Она узнавала Улпан и в этом поступке. Завтра приедем – дает время, чтобы гости не застали хозяев врасплох. Заранее прислала подарки, чтобы избежать выражений благодарности. От кого другого Шынар ничего не приняла бы, так и увел бы Кенжетай атана обратно. Но ведь это – Улпан…

Жаниша прибежала на помощь.

– Это Улпан прислала, – шепнула ей Шынар.

Кенжетай уехал и увел верблюда, а обе женщины развязали веревки и откинули две узорчатых кошмы и два ворсистых ковра – сундуки были завернуты в них. Ключи торчали в замочных скважинах. Замки открывались с долгим звоном.

– Как только удалось захлопнуть крышки на этих сундуках! – воскликнула Шынар. – Мне кажется, тут все приданое для невесты. Смотри-ка, женеше, и занавески есть!

– Сказала бы – для многих невест! Весь наш аул можно выдать замуж! Сапожки… Расшитые…

Шынар взяла сапожки в руки. Жаниша продолжала рассматривать:

– А в этом сундуке?
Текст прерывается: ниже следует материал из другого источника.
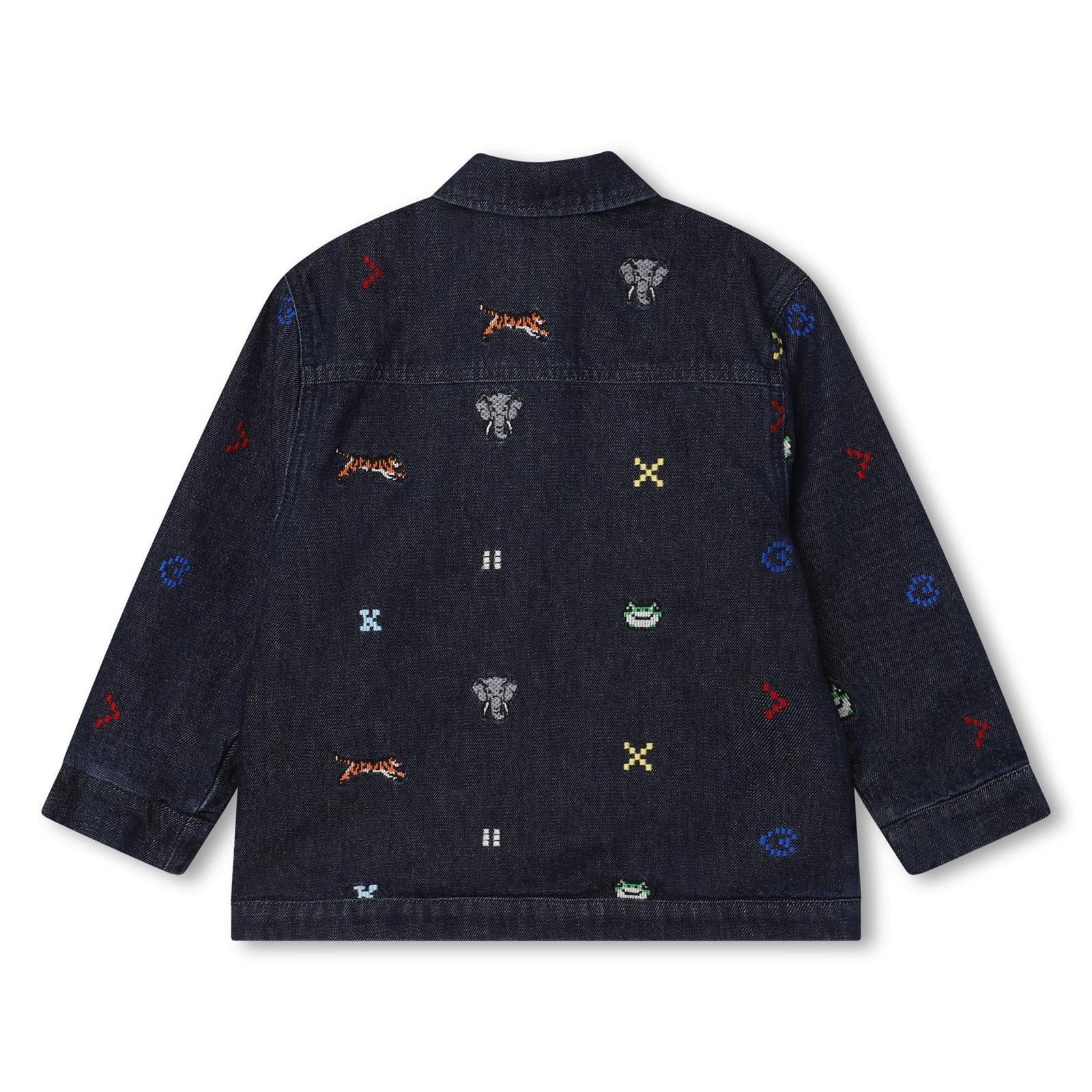 Kenzo Kids, indaco, misto cotone, denim, design ricamato, applicazione con logo sul petto, colletto classico, maniche lunghe, chiusura frontale con bottoni a pressione, due tasche applicate sul petto e orlo dritto. Composizione: Fodera: poliestere 65%, cotone 35%; Esterno: cotone 100%

Шынар откинула крышку:

– Чай и сахар… Урюка много, изюма. Для чая полный набор. Набор для кумыса. И к столу – скатерти, полотенца.

Науша присоединилась к ним, и все три женщины перебирали невиданное ими добро, передавали из рук в руки. Забыв, что уже рассматривали белое шелковое платье с двумя оборками, снова принимались его расхваливать. Они не могли бы сказать, что им понравилось больше, а что – меньше, они знали только – все эти вещи, их много, подарены Шынар. На самом дне первого сундука лежало и несколько отрезов. Женщины, не находя слов, чтобы выразить восхищение, только и могли цокать языком… Но это нельзя было бы назвать жадностью и осудить. Это был порыв женщин, изголодавшихся по тем вещам, которые придают им уверенность, которые и некрасивую сделают красивой, а красивую – несравненной.

Шынар опомнилась первой.

– Завтра гости… Апа, женеше… Давайте уберем сундуки. Надо готовиться.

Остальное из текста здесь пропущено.